For those who follow these things , this is the DIY capital-backed journey plan where “strong/trending strong” sponsors, keep the scheme on their balance sheet and pocket the premium.
Aon say that such an idea is written into the Mansion House reforms but I think this is a stretch. My reading of the deal is that Jeremy Hunt & Co were happy to see a relaxation on the rules surrounding scheme funding (the DB funding code) in exchange for a scheme committing to a long-term growth strategy which benefited the economy. There is a quid per quo here which isn’t quite reflected in Aon’s proposal
Putting it into numbers, our modelling shows that a mature £1 billion scheme that has sufficient money to buyout, could instead invest in the same way as an insurer for the next 20 years and generate around £300 million of surplus
The security offered is that there is only a one in two hundred chance of things going wrong and a 99.5% chance of things going right – which isn’t far off the risk of an insurance company going wrong.
Put this way, why would a pension scheme want to buy-out in any circumstances?
As Aon accept in a question asked at the end of a webcast on ASTRO, ASTRO is unlikely to pass the “fast-track” test laid down by TPR as part of its funding code. It requires too feisty a discount rate.
The answer is of course that this kind of arrangement needs a sponsor with the deep pockets to stand behind the arrangement (“a strong to trending strong covenant”). You also need a scheme of a size where the fixed costs of running the scheme don’t make the scheme unviable (even with a 20% kicker).
Not being an insurance company, Aon can , through Astro, offer the heads the insurer wins , tails the sponsor and member win ( and whatever happens Aon wins) solution ! What is not to like?

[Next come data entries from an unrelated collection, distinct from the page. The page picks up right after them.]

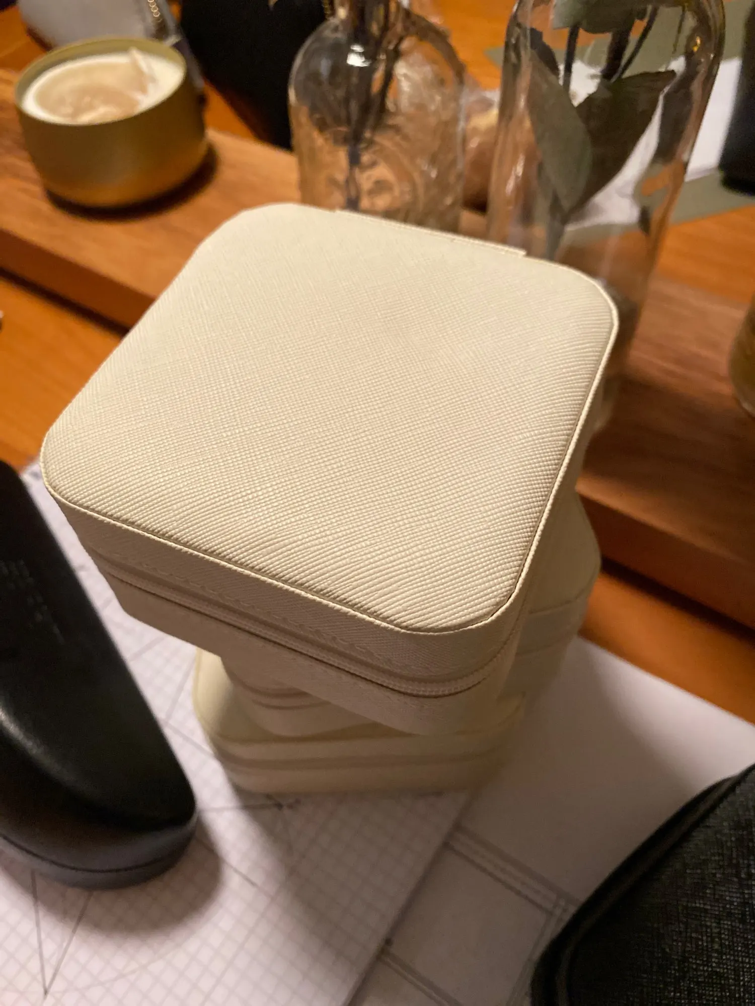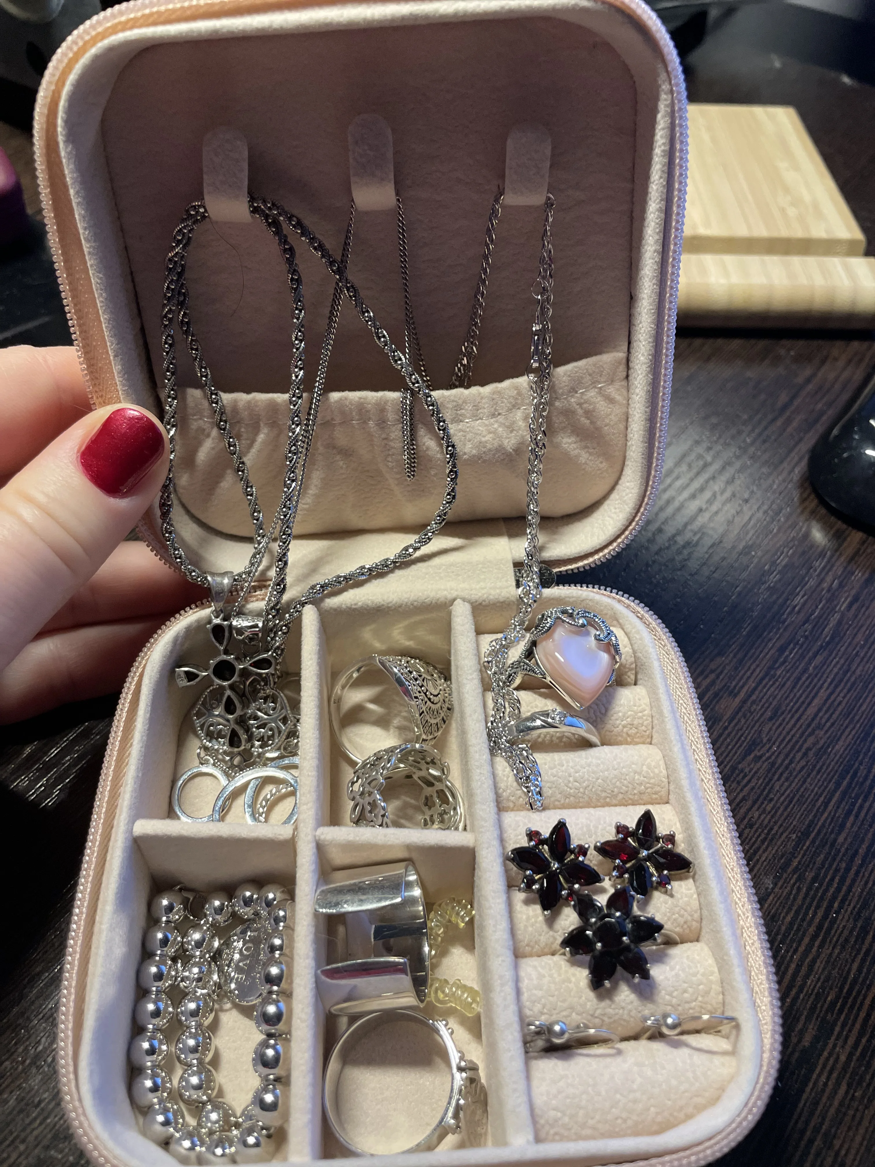Легкий и удобный, с несколькими отделениями, вы можете положить большие серьги, броши и другие предметы первой необходимости.
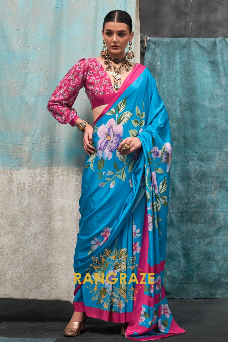 Vibrant Blue And Pink Floral Satin Crepe Saree
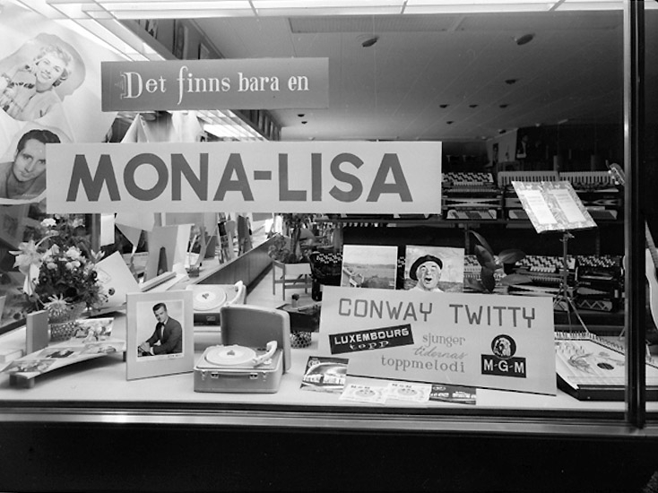 Titel: Bohlins Musik, affärsbyggnad, skyltfönster.
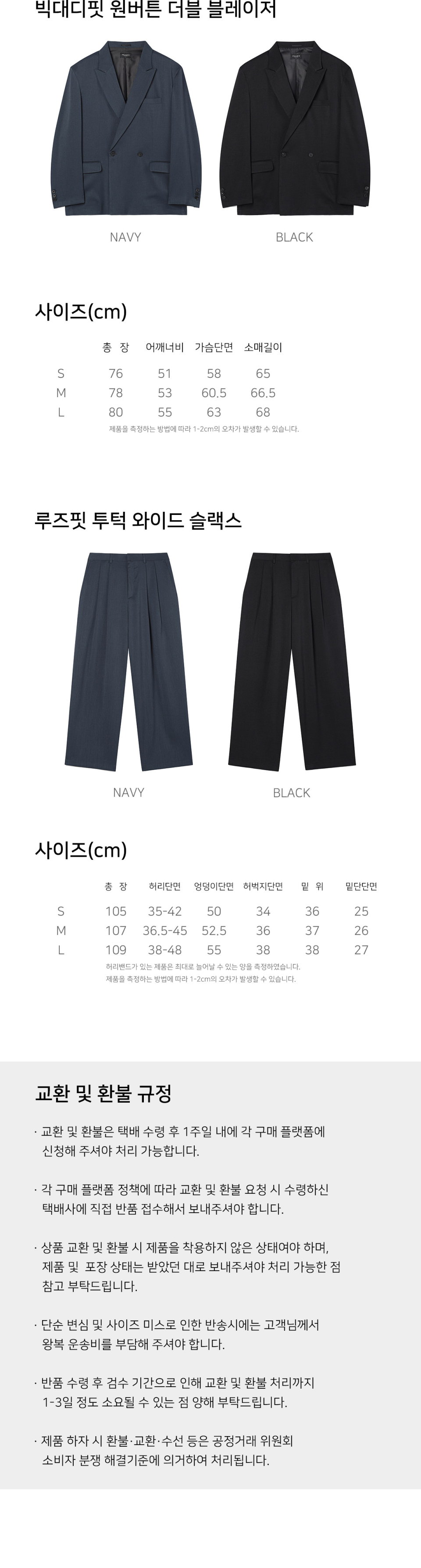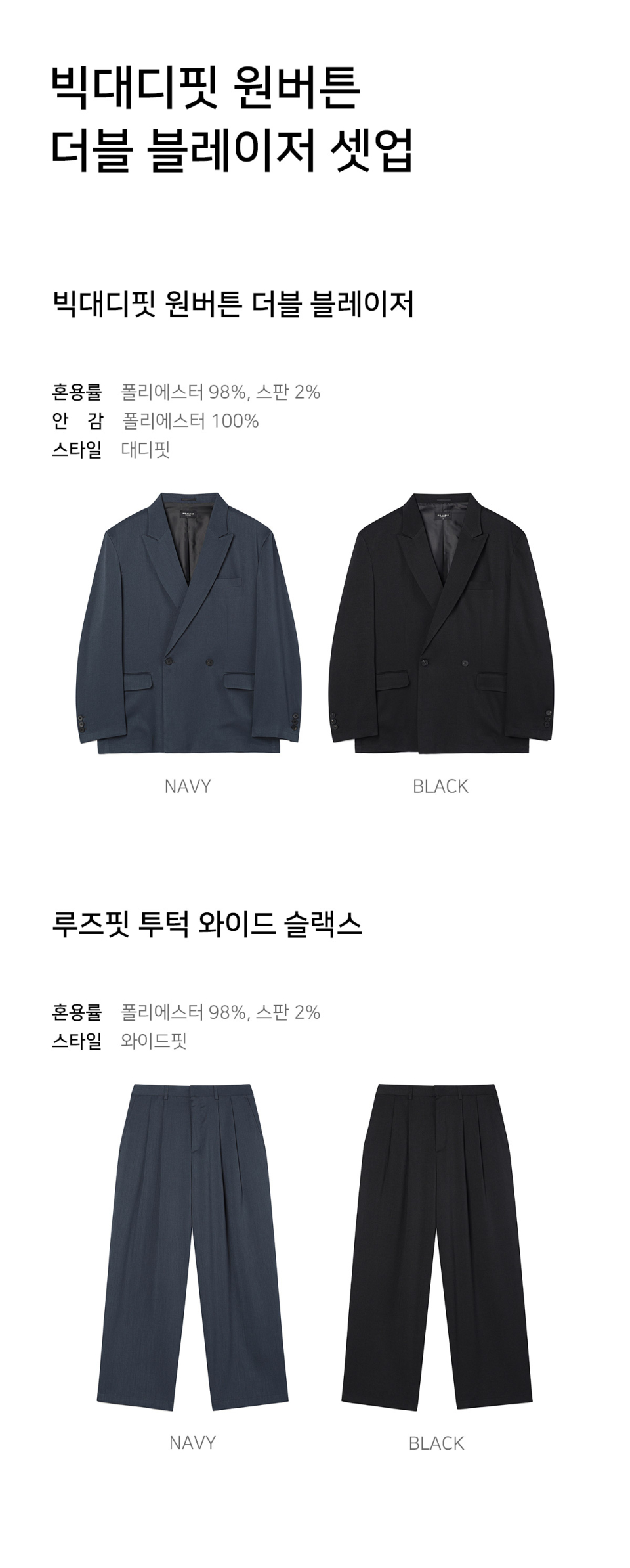 빅대디핏 원버튼 더블 블레이저 셋업 (BLACK / NAVY)
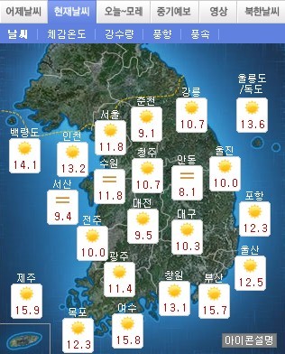 아침 최저기온은 오전 7시 현재 서울 11.8도, 인천 13.2도, 전주 10.0도, 대구 10.3도, 안동 8.1도, 부산 15.7도를 보이고 있다. 낮 최고기온은 21도에서 24도까지 분포하면서 어제와 비슷하겠다. 당분간 큰 일교차가 예상되니 환절기 건강관리가 필요하다.
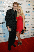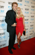 The two lovebirds arrived hand-in-hand with Spencer sporting a dark suit and a number of crystal pendants while Heidi wore a strapless, hot pink dress which she had designed, Christian Louboutin shoes and purse.

What I don’t like is the paucity of ambition. Do occupational scheme trustees aspire to invest like an insurance company in corporate debt and in funding infrastructure. Why not aspire to own real assets and put them to good use? Why not aspire to own companies and ensure that they are managed in a way that is beneficial to society and the planet and that offer the good governance that pension schemes can demand?
Why in short, should there be constraints placed on trustees to invest like an insurer?
As I have recently written, the advantages of being a long-term investor are not about “harvesting an illiquidity premium” , a theoretical construct, but in entering into long term ownership of assets where your capital cam make a difference to the asset itself”. In short, the advantage is in equity ownership over debt.
So I’d like ASTRO a whole lot more if it offered a way to invest that wan’t like an insurance company!
Is there merit in running on?
Undoubtedly there is. There is merit for a scheme in running on, either to guarantee future benefits or to offer future accrual on a non-guaranteed CDC basis. The cost of running on is greatly increased when schemes close (the red box below). The best way of running on is as a scheme open to new accrual (DB or DC)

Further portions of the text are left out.